Kuduga, perasaan seperti itulah mungkin yang dirasakan oleh Margarete Simon ketika diantar oleh anak laki-laki, menantu, dan cucunya; ke sebuah wisma manula. Frau Simon ini adalah seorang tokoh yang  diperankan oleh Angelica Domröse dalam film Bis zum Horizont, dann links! Sebuah film dalam German Cinema 2014 yang tercatat sebagai salah satu film terfavoritnya Nina, peliharaanku—omong-omong aku adalah Kamoy, kucing domestik Indonesia asli yang mencatat semua kegiatan Nina.

Anak laki-lakinya yang bekerja untuk badan Perserikatan Bangsa-Bangsa (PBB) ditempatkan di New York, Amerika Serikat. Penempatan baru ini pun ini dijadikan momentum untuk memindahkan Frau Simon si oma ke sebuah wisma manula.Tapi, si oma pun tahu betul bahwa terutama oleh menantunya ia dianggap sebagai beban.

Tersebutlah Eckehardt Tiedgen (diperankan oleh Otto Sander) yang sudah berada di rumah manula tersebut terlebih dahulu. Menjalankan hari-hari kehidupannya di wisma manula cenderung secara apatis, tokh keinginan pribadinya semisal tak sekamar dengan sesama manula tertentu tak akan didengarkan. Sepertinya, mati pun tak soal. Pada malam pertama kehadiran Frau Simon di wisma manula, Herr Tiedgen mencuri pistol milik penjaga keamanan. Sempat ditempelkannya pistol tersebut ke pelipisnya sendiri, tapi ia segera berubah pikiran.

Keesokan harinya adalah hari kedua Frau Simon menjadi penghuni wisma manula. Pada hari itu, jadwal untuk penghuni wisma manula adalah rekreasi. Joy flight dengan sebuah pesawat kuno berbaling-baling tiga selama satu atau dua jam. Pilotnya berumur tak jauh dari para manula penghuni wisma. Co-pilot-nya seorang pemuda, yang segera lirik-lirikan dengan si suster pengawal para manula yang adalah gadis muda usia.

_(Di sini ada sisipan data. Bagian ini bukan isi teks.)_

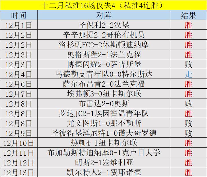 昨天的私推赛事再次胜利,凯尔特人2-1费耶诺德,十二月私推16场仅失4(私推4连胜),状态炸裂。今晚再接再厉,冲击更好成绩。
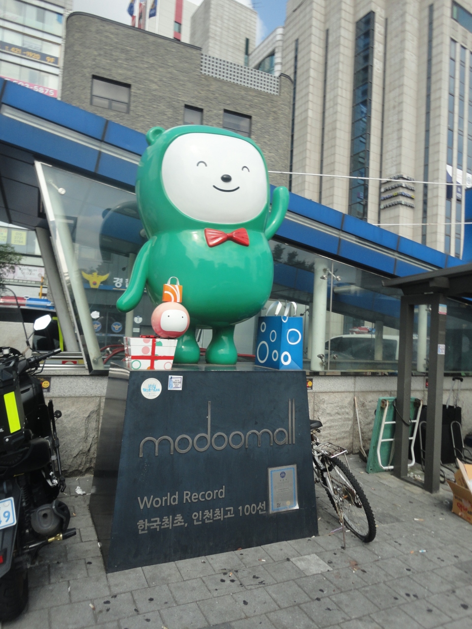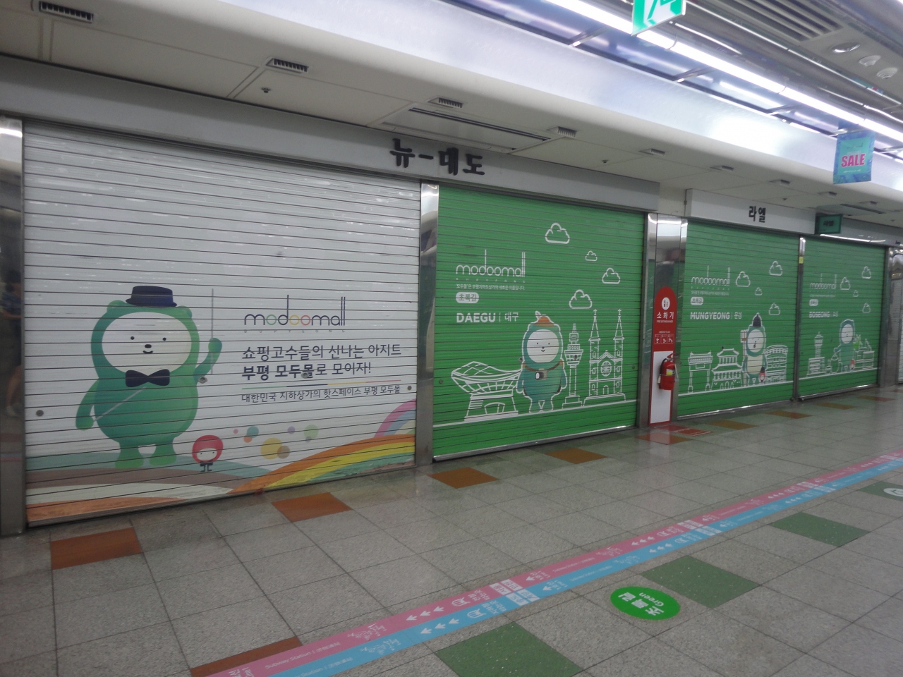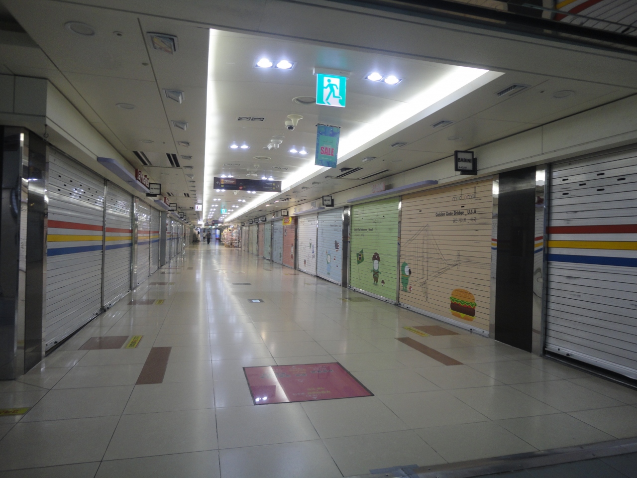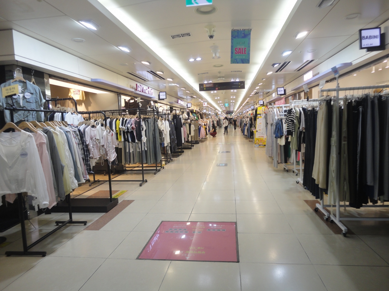 富平駅から北へ伸びる地下商店街です。激安ファッションのお店が多く並んでいて、コーヒーショップもちらほらありました。
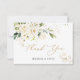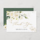 Gorgeous white cream roses and gold floral with greenery foliage in watercolor style Wedding Thank You flat card.
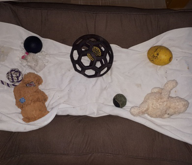 Alles was im Garten und Haus an Spielzeug lag, wurde gesammelt und an die Zitzen gelegt.
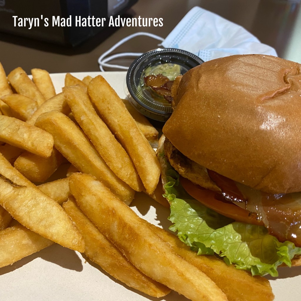 My daughter ordered the Chicken Club $12.49. Marinated chicken breast served on a toasted brioche bun, topped with bacon, provolone, guacamole, ranch dressing, lettuce and tomato, served with choice of side.
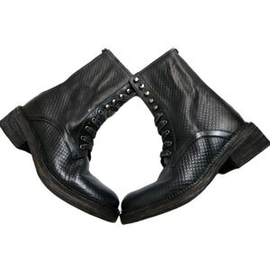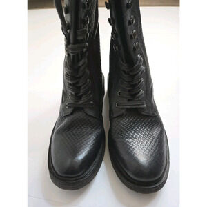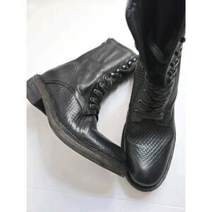 #freepeople #womens #black #leather #laceup #combat #embossed #santafe
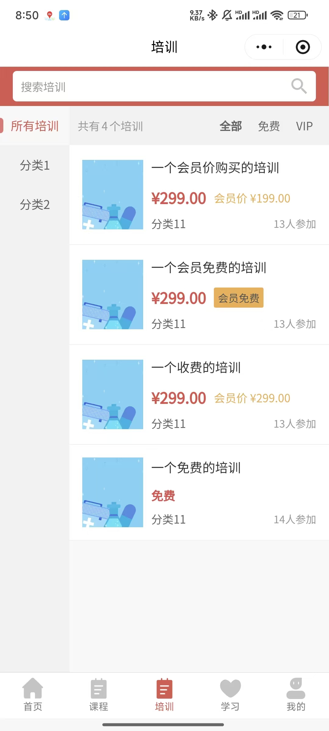 课程或培训都可以设置免费或者付费,并支持购物车模式
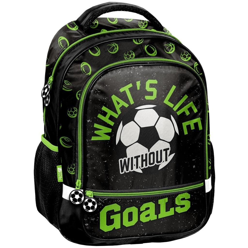 Plecak dwukomorowy szkolny, jedna płaska mała kieszeń na froncie, dwie boczne kieszenie z siatki (mieszczą małą butelkę, bidon lub termos). Elementy odblaskowe, usztywnione plecy pokryte siatką. Wygodny uchwyt do przenoszenia. Wygodne pullery ułatwiające odpinanie zamków.
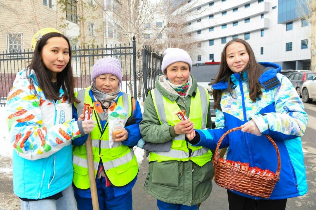 «Астана жастары» еріктілерімен бірге тіпті аз мүмкіндікпен де бір-бірімізге көмектесуге болатынын көрсеткіміз келді. Оқушылар коммуналдық қызметкерлерге арнап акция өткізу бастамасын көтерді. Олар ауа райының қолайсыздығына қарамастан қалада тәртіп пен тазалықты сақтайды», – деді Эльвира Есмұханова.
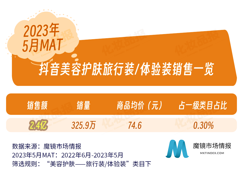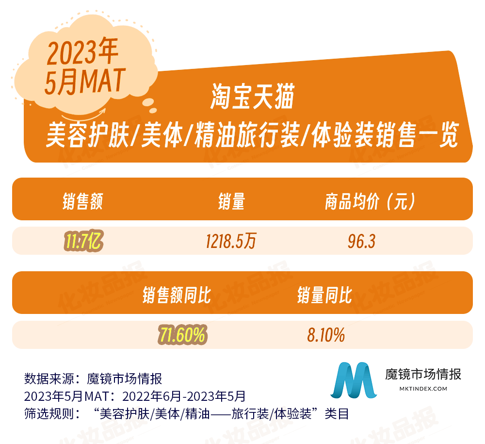 近日,國內(nèi)零售洞察公司魔鏡市場情報發(fā)布了一份關(guān)于化妝品旅行裝/體驗(yàn)裝在各主流電商平臺的銷售調(diào)研報告。報告統(tǒng)計的類目主要針對彩妝、香水、美妝工具、美容護(hù)膚、美體和精油類旅行裝/體驗(yàn)裝,統(tǒng)計調(diào)查的平臺涵蓋淘寶、天貓、抖音等,統(tǒng)計周期為2022年6月-2023年5月。

Sekelompok manula innocent untuk penerbangan gembira, berangkat dari sebuah pelabuhan udara kecil. Kendaraan pengangkut dari wisma tak repot, bisa langsung masuk ke lapangan terbang dan menurunkan penumpangnya di samping pesawat. Calon penumpang pesawat tak pula perlu dipindai seperti umumnya calon penumpang di pelabuhan-pelabuhan besar dengan tingkat keamanan tinggi. Sekali lagi, mereka adalah sekelompok manula. Innocent. Apa bahayanya?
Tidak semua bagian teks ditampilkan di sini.